- [The data]
- - -

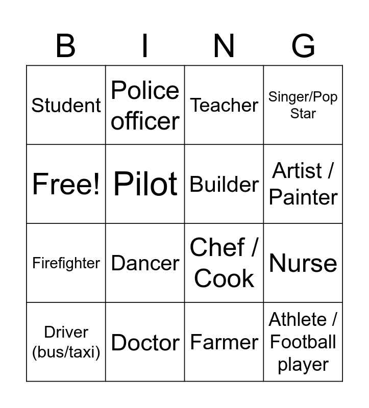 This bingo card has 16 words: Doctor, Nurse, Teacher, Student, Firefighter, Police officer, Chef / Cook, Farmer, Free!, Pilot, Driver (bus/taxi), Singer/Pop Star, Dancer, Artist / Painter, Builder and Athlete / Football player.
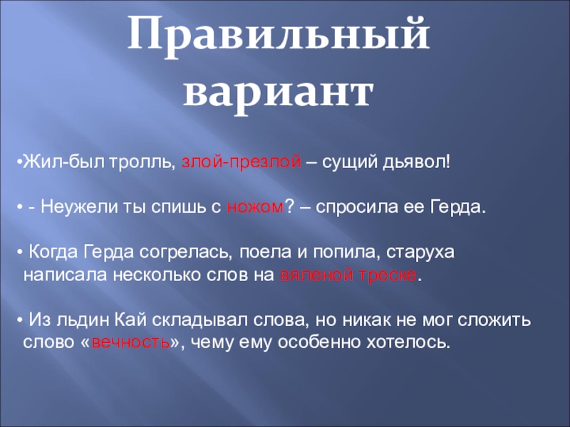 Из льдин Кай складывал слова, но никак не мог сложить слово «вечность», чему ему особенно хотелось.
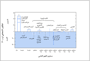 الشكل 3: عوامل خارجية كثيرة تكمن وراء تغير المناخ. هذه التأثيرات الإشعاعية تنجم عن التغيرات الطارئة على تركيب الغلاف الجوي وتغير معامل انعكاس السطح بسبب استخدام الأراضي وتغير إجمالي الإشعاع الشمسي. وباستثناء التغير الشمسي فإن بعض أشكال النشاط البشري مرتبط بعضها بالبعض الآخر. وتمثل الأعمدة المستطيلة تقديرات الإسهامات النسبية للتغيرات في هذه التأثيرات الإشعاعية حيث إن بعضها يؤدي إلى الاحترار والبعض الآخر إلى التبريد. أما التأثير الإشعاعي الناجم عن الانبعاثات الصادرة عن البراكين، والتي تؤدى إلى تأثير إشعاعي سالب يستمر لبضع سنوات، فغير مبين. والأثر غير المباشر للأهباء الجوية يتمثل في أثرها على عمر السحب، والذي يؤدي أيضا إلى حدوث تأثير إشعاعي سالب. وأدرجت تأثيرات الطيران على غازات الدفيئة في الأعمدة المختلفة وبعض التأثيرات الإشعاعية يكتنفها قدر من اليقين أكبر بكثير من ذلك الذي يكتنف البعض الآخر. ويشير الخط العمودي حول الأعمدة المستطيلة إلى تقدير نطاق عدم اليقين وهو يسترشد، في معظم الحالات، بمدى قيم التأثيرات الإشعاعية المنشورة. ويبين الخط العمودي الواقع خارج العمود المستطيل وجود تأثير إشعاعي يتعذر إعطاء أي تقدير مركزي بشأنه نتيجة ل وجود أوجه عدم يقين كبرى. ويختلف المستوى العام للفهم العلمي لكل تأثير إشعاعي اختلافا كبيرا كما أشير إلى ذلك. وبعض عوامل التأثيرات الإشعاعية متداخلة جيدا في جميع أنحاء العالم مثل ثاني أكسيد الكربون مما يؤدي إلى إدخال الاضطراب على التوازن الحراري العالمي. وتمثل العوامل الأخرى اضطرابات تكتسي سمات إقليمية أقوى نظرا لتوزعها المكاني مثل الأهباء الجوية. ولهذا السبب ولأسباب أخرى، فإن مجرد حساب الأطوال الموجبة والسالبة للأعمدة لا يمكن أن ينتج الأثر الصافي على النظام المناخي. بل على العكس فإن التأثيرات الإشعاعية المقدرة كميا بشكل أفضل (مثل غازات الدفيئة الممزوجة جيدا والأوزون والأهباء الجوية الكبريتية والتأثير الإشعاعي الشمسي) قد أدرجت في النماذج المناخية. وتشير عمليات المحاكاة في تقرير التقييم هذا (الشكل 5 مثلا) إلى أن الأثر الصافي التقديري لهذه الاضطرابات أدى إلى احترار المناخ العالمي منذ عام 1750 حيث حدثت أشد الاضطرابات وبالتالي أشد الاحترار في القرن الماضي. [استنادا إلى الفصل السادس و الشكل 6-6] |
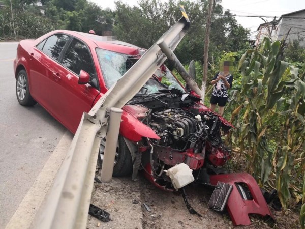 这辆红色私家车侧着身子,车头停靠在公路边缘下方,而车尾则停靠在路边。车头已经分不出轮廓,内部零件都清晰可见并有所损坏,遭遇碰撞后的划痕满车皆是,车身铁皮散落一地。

- - -

- [Task brief] Restate the material word for word, minus pictures.

- [Solution below]
 This bingo card has 16 words: Doctor, Nurse, Teacher, Student, Firefighter, Police officer, Chef / Cook, Farmer, Free!, Pilot, Driver (bus/taxi), Singer/Pop Star, Dancer, Artist / Painter, Builder and Athlete / Football player.
 Из льдин Кай складывал слова, но никак не мог сложить слово «вечность», чему ему особенно хотелось.
 الشكل 3: عوامل خارجية كثيرة تكمن وراء تغير المناخ. هذه التأثيرات الإشعاعية تنجم عن التغيرات الطارئة على تركيب الغلاف الجوي وتغير معامل انعكاس السطح بسبب استخدام الأراضي وتغير إجمالي الإشعاع الشمسي. وباستثناء التغير الشمسي فإن بعض أشكال النشاط البشري مرتبط بعضها بالبعض الآخر. وتمثل الأعمدة المستطيلة تقديرات الإسهامات النسبية للتغيرات في هذه التأثيرات الإشعاعية حيث إن بعضها يؤدي إلى الاحترار والبعض الآخر إلى التبريد. أما التأثير الإشعاعي الناجم عن الانبعاثات الصادرة عن البراكين، والتي تؤدى إلى تأثير إشعاعي سالب يستمر لبضع سنوات، فغير مبين. والأثر غير المباشر للأهباء الجوية يتمثل في أثرها على عمر السحب، والذي يؤدي أيضا إلى حدوث تأثير إشعاعي سالب. وأدرجت تأثيرات الطيران على غازات الدفيئة في الأعمدة المختلفة وبعض التأثيرات الإشعاعية يكتنفها قدر من اليقين أكبر بكثير من ذلك الذي يكتنف البعض الآخر. ويشير الخط العمودي حول الأعمدة المستطيلة إلى تقدير نطاق عدم اليقين وهو يسترشد، في معظم الحالات، بمدى قيم التأثيرات الإشعاعية المنشورة. ويبين الخط العمودي الواقع خارج العمود المستطيل وجود تأثير إشعاعي يتعذر إعطاء أي تقدير مركزي بشأنه نتيجة ل وجود أوجه عدم يقين كبرى. ويختلف المستوى العام للفهم العلمي لكل تأثير إشعاعي اختلافا كبيرا كما أشير إلى ذلك. وبعض عوامل التأثيرات الإشعاعية متداخلة جيدا في جميع أنحاء العالم مثل ثاني أكسيد الكربون مما يؤدي إلى إدخال الاضطراب على التوازن الحراري العالمي. وتمثل العوامل الأخرى اضطرابات تكتسي سمات إقليمية أقوى نظرا لتوزعها المكاني مثل الأهباء الجوية. ولهذا السبب ولأسباب أخرى، فإن مجرد حساب الأطوال الموجبة والسالبة للأعمدة لا يمكن أن ينتج الأثر الصافي على النظام المناخي. بل على العكس فإن التأثيرات الإشعاعية المقدرة كميا بشكل أفضل (مثل غازات الدفيئة الممزوجة جيدا والأوزون والأهباء الجوية الكبريتية والتأثير الإشعاعي الشمسي) قد أدرجت في النماذج المناخية. وتشير عمليات المحاكاة في تقرير التقييم هذا (الشكل 5 مثلا) إلى أن الأثر الصافي التقديري لهذه الاضطرابات أدى إلى احترار المناخ العالمي منذ عام 1750 حيث حدثت أشد الاضطرابات وبالتالي أشد الاحترار في القرن الماضي. [استنادا إلى الفصل السادس و الشكل 6-6] |
 这辆红色私家车侧着身子,车头停靠在公路边缘下方,而车尾则停靠在路边。车头已经分不出轮廓,内部零件都清晰可见并有所损坏,遭遇碰撞后的划痕满车皆是,车身铁皮散落一地。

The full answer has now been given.